I'm currently trying to solve this particular ODE:
$$(x^3 + xy^2)y' = y^3$$
but am having trouble finding the way to do so. I'm currently going through the textbook Advanced Engineering Mathematics 10e (Kreyszig) and the methods that I've studied are separating variables, using integrating factors, and using the Bernoulli equation. I've tried all three with this particular ODE and have been unsuccessful.

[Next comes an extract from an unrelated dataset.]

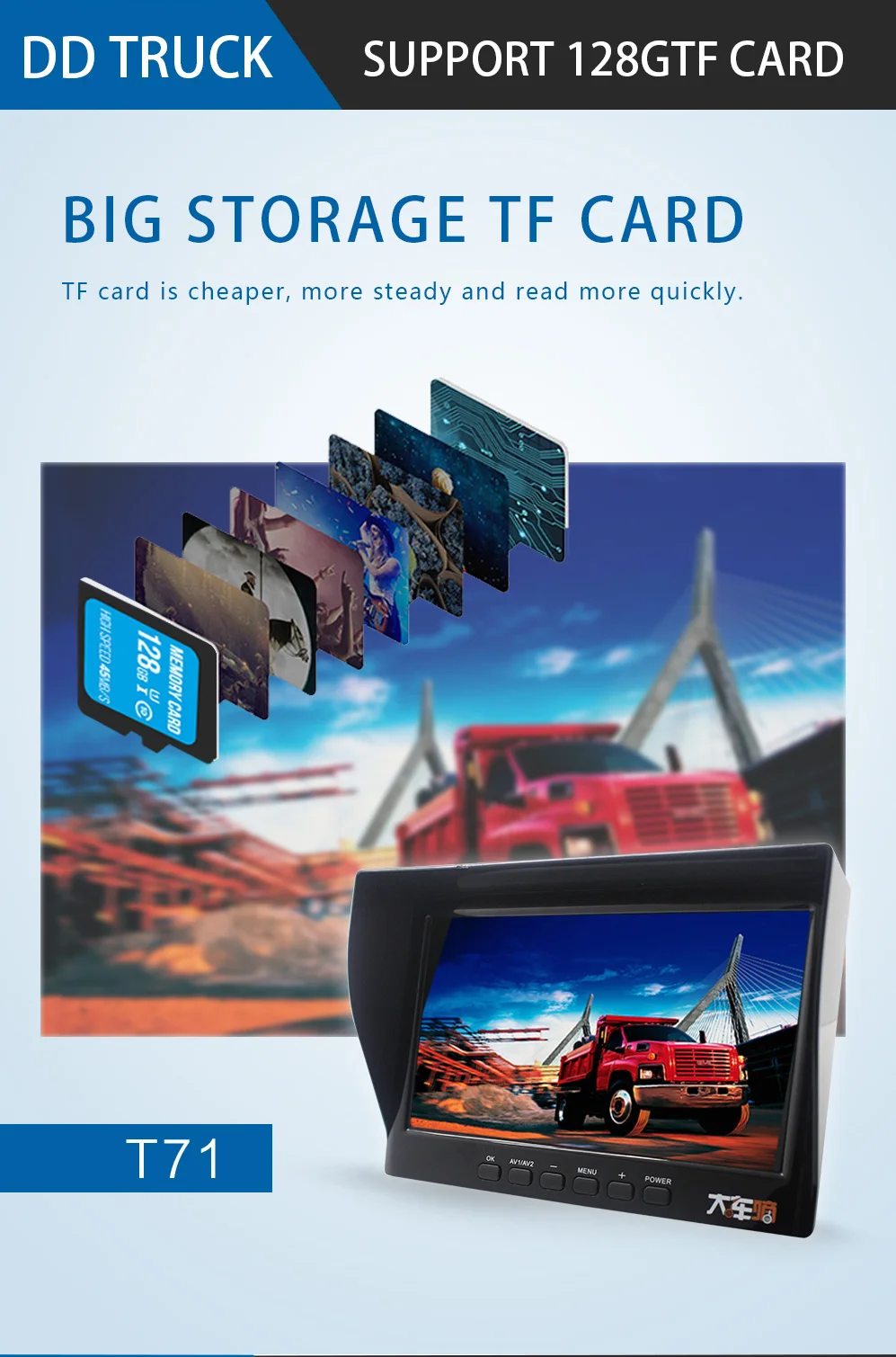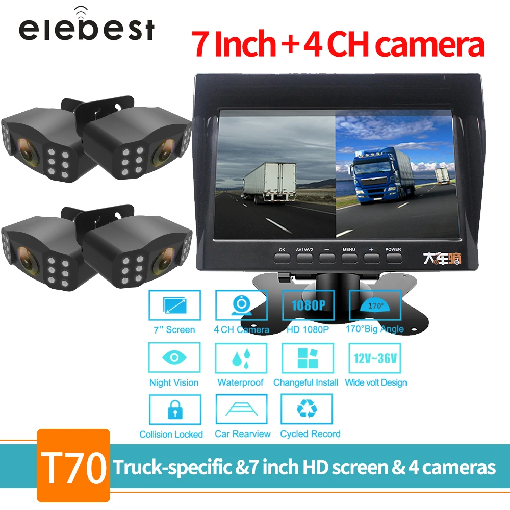Описание: * 7 дюймов 4 Ch 720P четыре сплит-монитора * Этот видеорегистратор поддерживает четыре камеры записи. Он также обеспечивает мгновенное воспроизведение видео. Докажите свою невинность за считанные секунды, оставаясь на * Видео записано в tf-карте. Поддержка макс. памяти sd-карт 128 Гб (не входит в комплект). * Четыре камеры одновременно записывают Технические характеристики: * Дисплей: 7,0 "HD ISP 720P четыре сплит-монитора * Поддержка макс. памяти sd-карт: 128 ГБ * Объектив камеры 4 камеры: AHD720P * 5,0 M датчик изображения с углом обзора 170 градусов * Четыре эффективных пикселя камеры: 1280*720 пикселей * Формат видео: TS * Формат фото: JPEG * Мощность: 9-36 В постоянного тока * Водонепроницаемый, ночное видение, ударопрочный, без помех, без задержки * Поддержка функции: DVR, реверсивная/парковочная помощь * Тип товара: Автомобильный видеорегистратор, Реверсивный/парковочный безопасный комплект * Особенности 1: защита от вибрации, широкий динамический диапазон, циклическая запись * Особенности 2: ночное видение, четыре объектива, реверсивная/парковочная помощь

My initial thought was to change it into its differential form:
$$-y^3dx + (x^3 + xy^2)dy = 0$$
so that we can find the integrating factor to solve it. However, I've observed that finding the integrating factor isn't quite working out the way that the textbook describes (i.e. integrating factor $F$ should be of one variable rather than two) and am puzzled as to how to proceed from here.
Any tips or advice on how to solve this would be greatly appreciated. Thank you.
Best Answer
The terms that can combine to the derivative of a monomial are $-y^3\,dx+xy^2\,dy=x^2y^2\,d(y/x)$. This suggests to insert $y=xu$ into the ODE to get $$ x^3(1+u^2)(xu'+u)=x^3u^3\implies x(1+u^2)u'+u=0 $$ which is now separable. You can then, if you want, reconstruct the integrating factor that produces the integrable form in one step. This is more confirmation than solution method.
Trying to match the list of "classical methods", a change of dependency, $x(y)$ instead of $y(x)$, and $x'(y)=1/y'(x)$, gives the equation $$ y^3x'=y^2x+x^3, $$ which is now a Bernoulli equation. Set $u=x^{-2}$ to get the linear DE $$ y^3u'(y)=-2y^2u-2\\~\\ (y^2u(y))'=-\frac{2}y\implies \frac{y^2}{x^2}=-2\ln|y|+c $$